On 27/08/2010 03:50, Dean Michael Berris wrote:
Actually, not *just* a range of characters.
If your range dealt with ownership of data and abstracted the means by which the data is actually manipulated (even through iterators) then maybe a string is just a range of characters. If your range made sure that the data is moved instead of copied in certain situations, or whether there is an optimization that can be made on certain operations (like concatenation) then yeah I'll agree that a string is just a range of characters.
If you think about a string as a special beast that does a lot of things:
1. Allocates memory which holds the characters 2. Offers an abstraction unique to strings (token_iterator, line_iterator, char_iterator, wchar_iterator) 3. Has value semantics similar to built-in types (copyable, movable, "regular")
Then it doesn't look like just a range.
What I call a string is just the data, not a container of said data. I don't see what 2 is doing in there. Surely those mechanisms are independent of the container.
Sure, but if the string type already does that for you at the time you need it, then it's inherently supported by the type, no?
If you can iterate through a sequence of copyable elements, then you can copy those elements into a new sequence of the structure of your choosing. This doesn't require any particular support from the first sequence type.
That's cool, but in cases where you deal with potentially huge strings (i.e. more than a memory page's worth of data) you start looking for ways of moving some of the work out of runtime and into compile time
This doesn't make sense. If the data is too big to fit into memory, then it's going to be completely out of the range (no pun intended) of what the compile-time world can deal with.
And especially in cases where you need to abstract the string from being something that is exclusively in memory to something that refers to data that is not in memory (retrieved from a socket, from a file, from user input) you run into issues like buffer management, demand-driven/lazy-loading data, etc. that a range is not the end-all and/or best solution for.
For instance, think about a forward iterator (or a single-pass iterator?) that the string can expose to allow for one-time traversal of the data it holds or it refers to. The string doesn't have to have the data all in memory if it doesn't yet, and it can then lazily load the data and expose it through that forward iterator.
I don't get your argument. Basically you're saying "wouldn't it be cool if you could not actually store your data in memory, but generate it as you're traversing or get it from I/O on demand?". That's what ranges are. Ranges *are* iterators.
If the string handle knew that some part of the string was a conglomeration of statically-sized literals then it can hold that data in a boost::array of the correct size
No it cannot. string_handle is a single type defined in advance, and it must have a finite size. It cannot guess how many conglomerations of statically-sized literals you're going to want to put into it, and therefore can't guarantee enough storage.
then you can correctly allocate enough space at the point where the operator= is implemented.

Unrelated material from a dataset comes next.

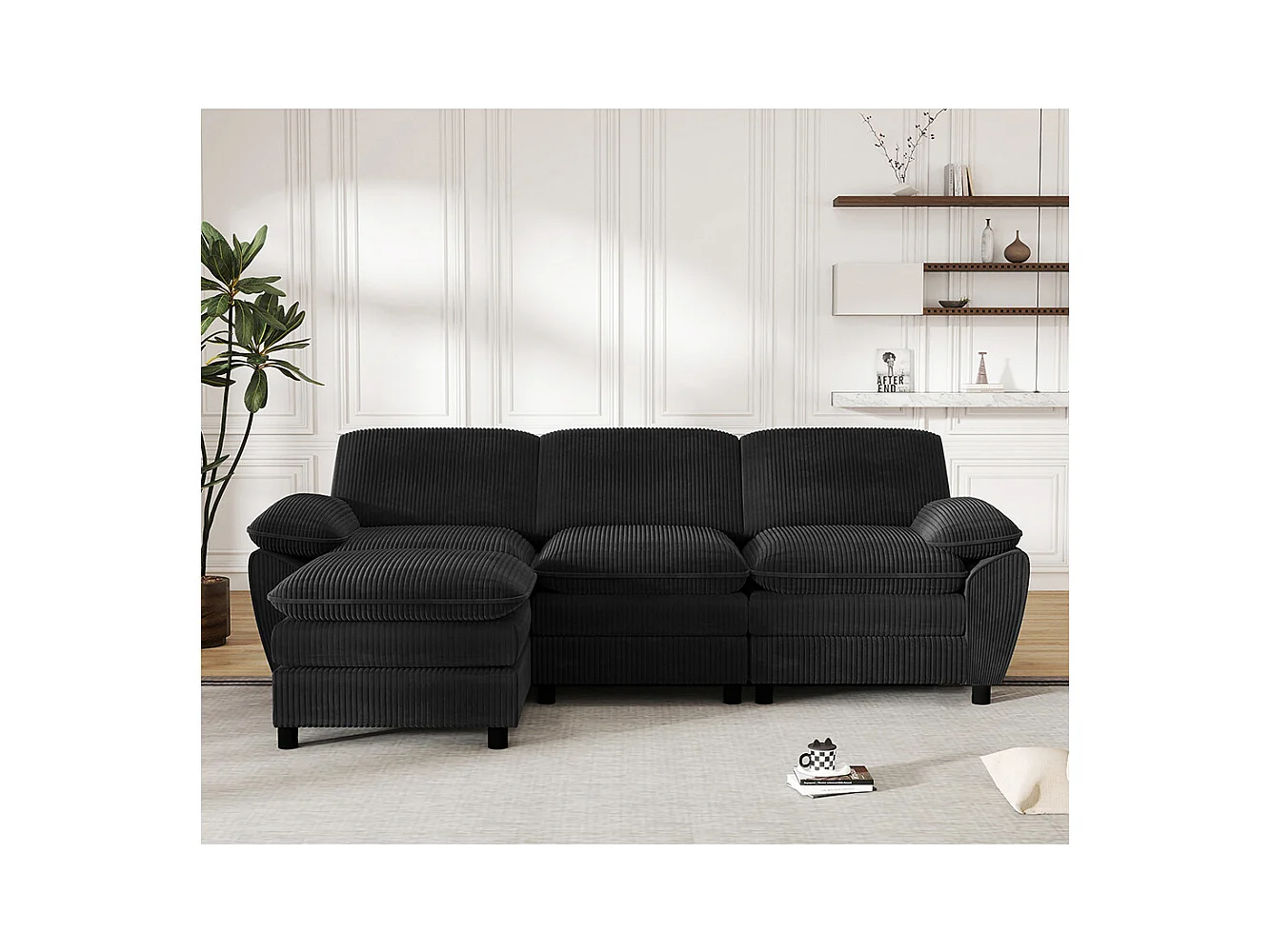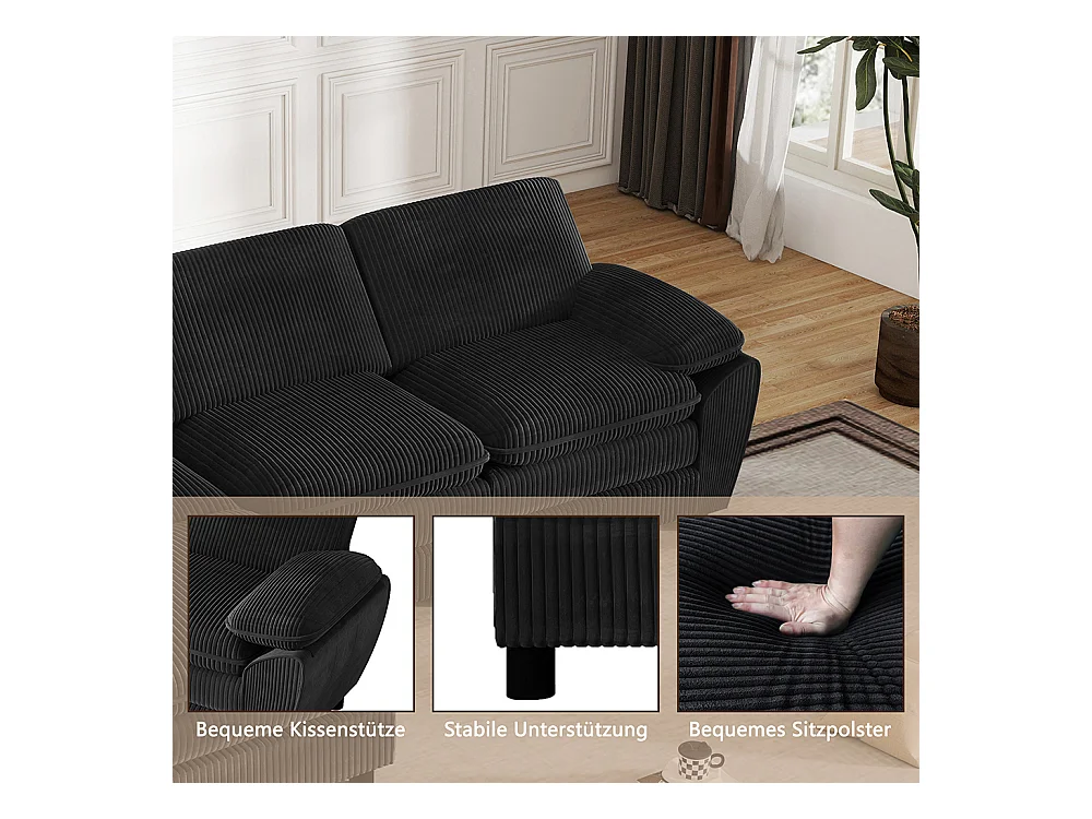 Canape d'angle combiné modulaire noir canapé à double coussin canapé combiné en velours avec lampe et pouf ottoman amovible

At runtime; (operator= is a function that executes code, not a type definition that provides automatic storage) which makes the memory dynamically allocated, as I said.
Of course the type erasure might be an issue, but knowing the eventual size at compile time allows you a lot of optimizations you otherwise can't or won't do.
Here, I can't see it bringing any benefit compared to knowing it at runtime, since the allocation can only happen at runtime.
Yes, but then you have a left-leaning tree of iterator pairs. ;)
Just like you have a tree of a bounded segments, or an AST if you go for a proto solution.
If the new string type implemented iterators (several types of iterators in fact) and manages the memory for you in a configurable manner, *and* allows you to convert it to either an std::string or an std::wstring, why wouldn't it be inter-operable?
Because your code will expect your string type, not the string type of the user, meaning he'll have to convert to it. Converting is not actually needed, since you could just treat your type, the type of the user, or any smart lazy evaluated type the same.
But the range adaptors don't solve the issue of multiple allocations
How do they not? Your problem is that you reallocate multiple times with a classic binary operator+ implementation: (pseudo-code) buffer = a + b + c is buffer = allocate(size(a)) copy(buffer, a) buffer2 = allocate(size(buffer)+size(b)) copy(buffer2, buffer) cat(buffer2, b) free(buffer) buffer = allocate(size(buffer2)+size(c)) copy(buffer, buffer2) cat(buffer, c) free(buffer2) Instead of that you could just evaluate that expression as r = join(a, b, c) buffer3 = allocate(size(r)) copy(buffer3, r) As you can see, it solves the problem just fine.
Ah, because 'auto' is C++0x and I was still thinking that maybe people not moving to C++0x might as well want to be able to use this new string type even at C++03.
You can write the type out yourself or use a result_of-like protocol, like Fusion does.
Yes! Well, technically not stateful operations -- they're functionally pure operations: concatenation doesn't munge with the existing strings, it just returns a new string made of the contents of the other strings (or string generators).
If you end up re-storing the result into the same variable, it basically is stateful.